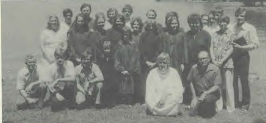
Twenty five who were baptized on July 29 in Russellville, Arkansas.

The members of the Russellville church are quite crowded in their church building lately. The crowded conditions
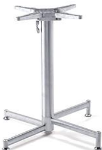
Table Legs, 80mm, Stainless Steel Floor Bases
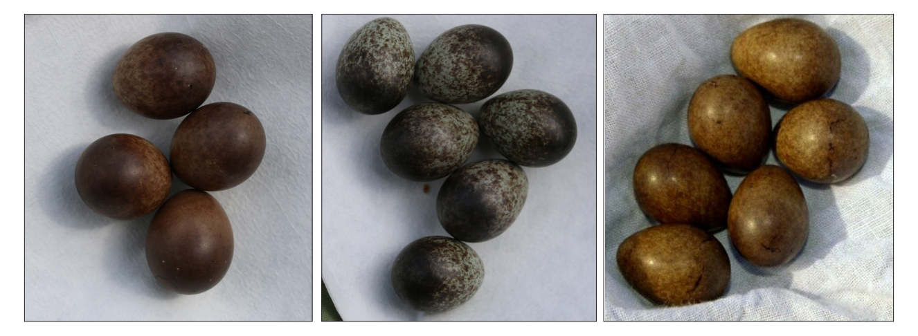
Figure 1. Examples of Meadow Pipit Anthus pratensis egg clutches showing considerable differences between but minor differences within clutches.

Figure 1 shows examples of Meadow Pipit egg clutches. The colour and markings of Meadow Pipit
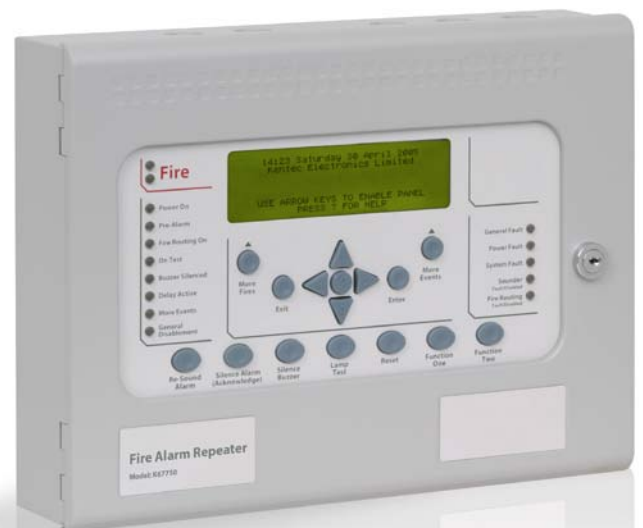
Model No. K67750M1
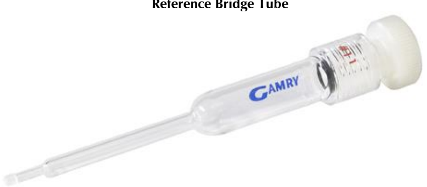
Figure 3 Reference Bridge Tube

Many experiments do not require a "true" reference electrode to be run. If a pseudo- or quasi-reference electrode is sufficient, you do not need to use the reference bridge tube.
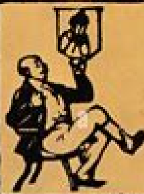
Proprietor of white Slaves
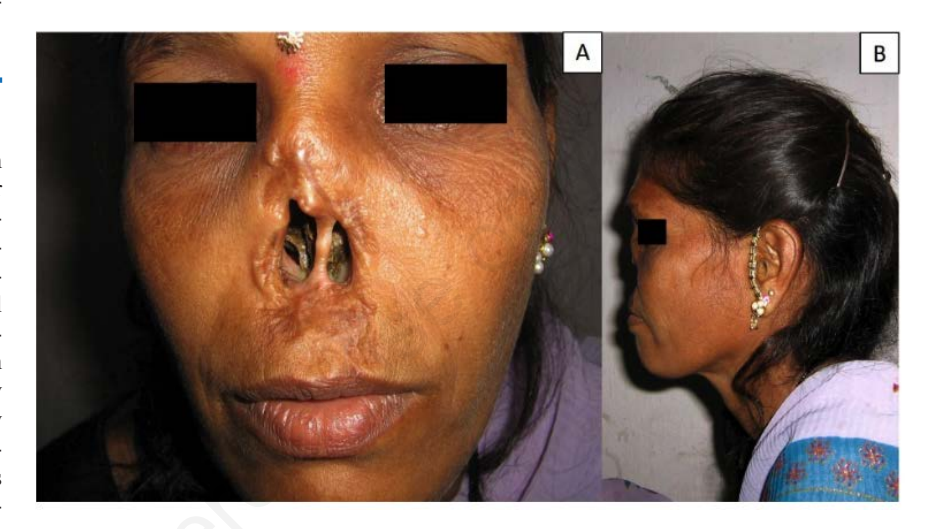
Figure 1. A) Post-operative frontal view; B) Post-operative lateral view (clinical photo published with patients permission).

A challenge that a clinician faces while fabricating a maxillofacial prosthesis is obtaining a proper skin color match. A skin color match is achieved by adding suitable pigments to translucent silicone elastomers until an acceptable color match under
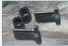
Nuts and Bolts
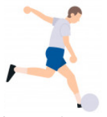
(to) play football /'fʊtbɔ:l/ (to) play soccer /'sɒkə(r)/
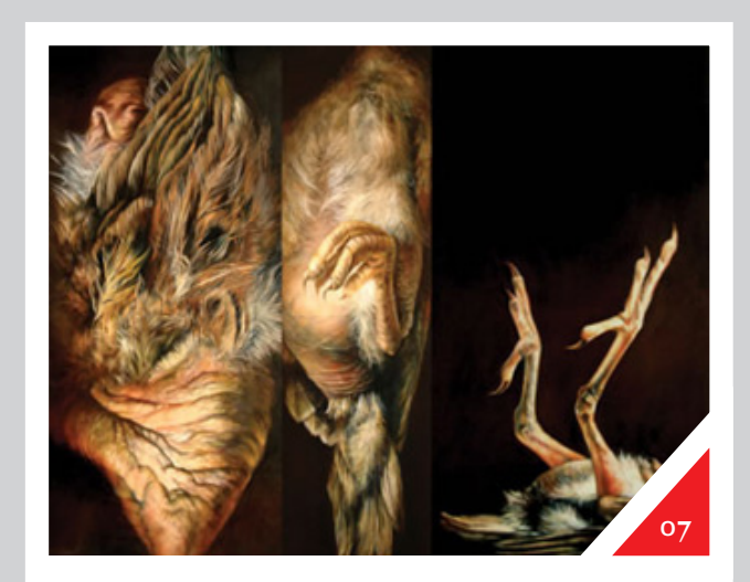
Figure 7: Rina Stutzer, Swarming: fever, flight and yoke, 2006. Oil on canvas, 200 x 140cm Courtesy of artist and Visuality/Commentary Exhibition Catalogue (UP)
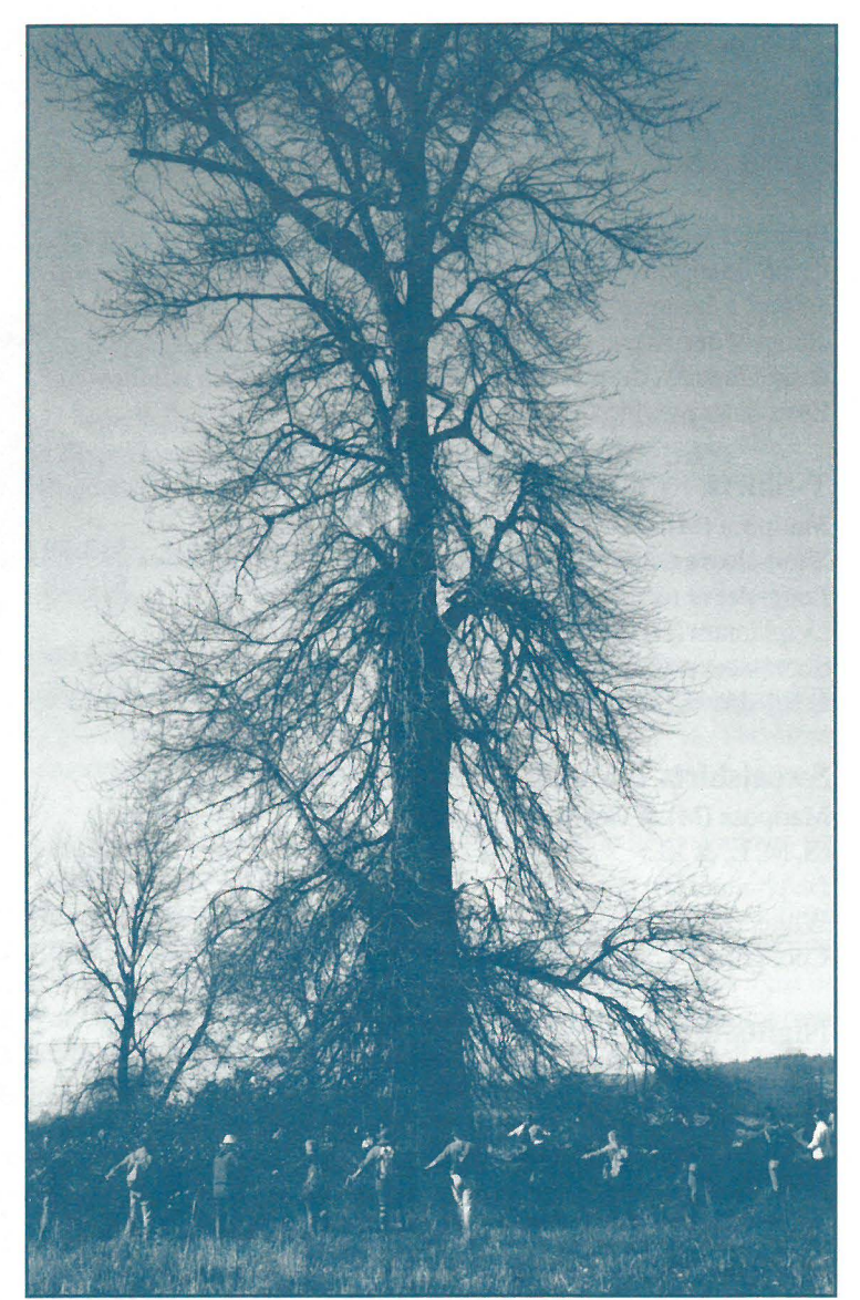
Lake Oswego Hikers encircle a giant cottonwood tree on the Sandy River flood plain.

Travel above the Sandy River, passing the first of these promised blackberries, and come to the construction area. Continue in the same direction you were heading and then veer back toward the Sandy River and pick up the path. Farther on, near its mouth, if you
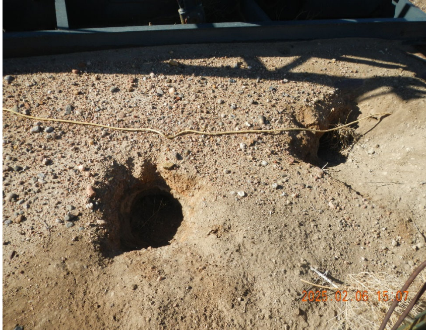
3. Burrows inside wellhead fencing.
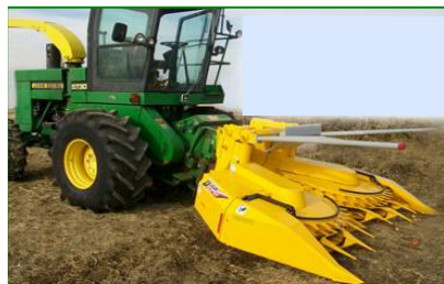
F63 120" 4-Row Head on John Deere
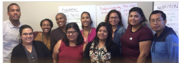
Cohort One of the Care Navigator Apprenticeship Program

“My cousin has a friend who is a community health worker and gave me the information about the program. Word of mouth is what works for the recruitment. You know your friends, you know who has the heart for this kind of work.”
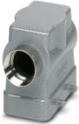
HEAVYCON B10 sleeve housing, for double locking latch, height: 72 mm, with 1 x Pg29 gland, lateral cable outlet

Please be informed that the data shown in this PDF Document is generated from our Online Catalog. Please find the complete data in the user's documentation. Our General Terms of Use for Downloads are valid ( http://phoenixcontact.com/download )
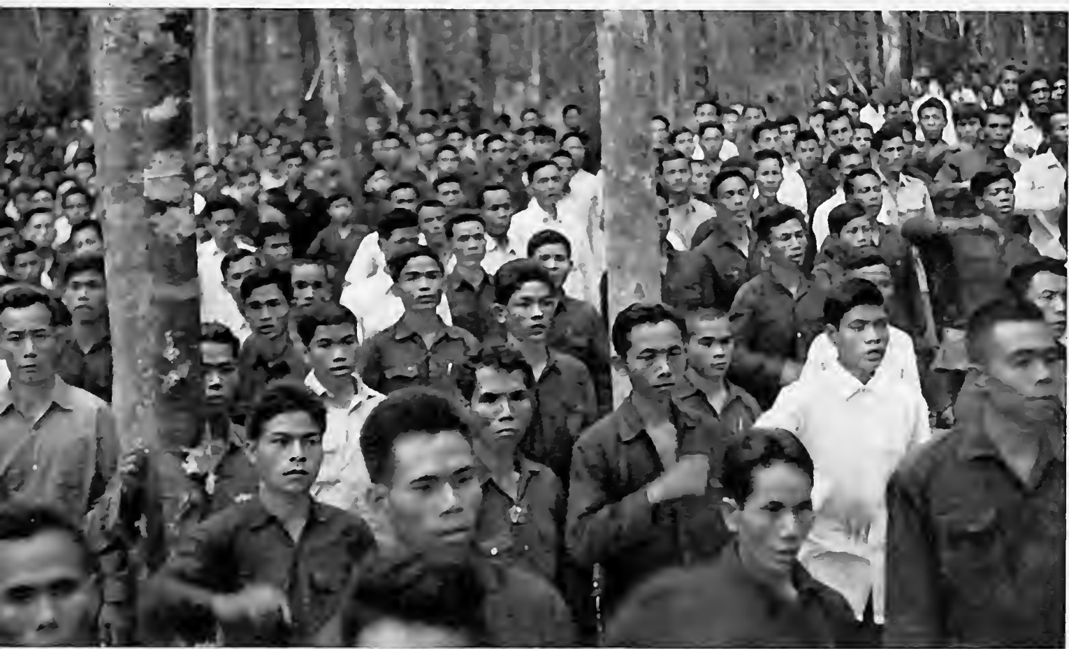
A battle-tempered people.

============

_WHAT IS BEING ASKED_. Retype every entry verbatim and exclude the pictures from the copy.

_THE COMPLETED TASK_.
Twenty five who were baptized on July 29 in Russellville, Arkansas.

The members of the Russellville church are quite crowded in their church building lately. The crowded conditions
Table Legs, 80mm, Stainless Steel Floor Bases
Figure 1. Examples of Meadow Pipit Anthus pratensis egg clutches showing considerable differences between but minor differences within clutches.

Figure 1 shows examples of Meadow Pipit egg clutches. The colour and markings of Meadow Pipit
Model No. K67750M1
Figure 3 Reference Bridge Tube

Many experiments do not require a "true" reference electrode to be run. If a pseudo- or quasi-reference electrode is sufficient, you do not need to use the reference bridge tube.
Proprietor of white Slaves
Figure 1. A) Post-operative frontal view; B) Post-operative lateral view (clinical photo published with patients permission).

A challenge that a clinician faces while fabricating a maxillofacial prosthesis is obtaining a proper skin color match. A skin color match is achieved by adding suitable pigments to translucent silicone elastomers until an acceptable color match under
Nuts and Bolts
(to) play football /'fʊtbɔ:l/ (to) play soccer /'sɒkə(r)/
Figure 7: Rina Stutzer, Swarming: fever, flight and yoke, 2006. Oil on canvas, 200 x 140cm Courtesy of artist and Visuality/Commentary Exhibition Catalogue (UP)
Lake Oswego Hikers encircle a giant cottonwood tree on the Sandy River flood plain.

Travel above the Sandy River, passing the first of these promised blackberries, and come to the construction area. Continue in the same direction you were heading and then veer back toward the Sandy River and pick up the path. Farther on, near its mouth, if you
3. Burrows inside wellhead fencing.
F63 120" 4-Row Head on John Deere
Cohort One of the Care Navigator Apprenticeship Program

“My cousin has a friend who is a community health worker and gave me the information about the program. Word of mouth is what works for the recruitment. You know your friends, you know who has the heart for this kind of work.”
HEAVYCON B10 sleeve housing, for double locking latch, height: 72 mm, with 1 x Pg29 gland, lateral cable outlet

Please be informed that the data shown in this PDF Document is generated from our Online Catalog. Please find the complete data in the user's documentation. Our General Terms of Use for Downloads are valid ( http://phoenixcontact.com/download )
A battle-tempered people.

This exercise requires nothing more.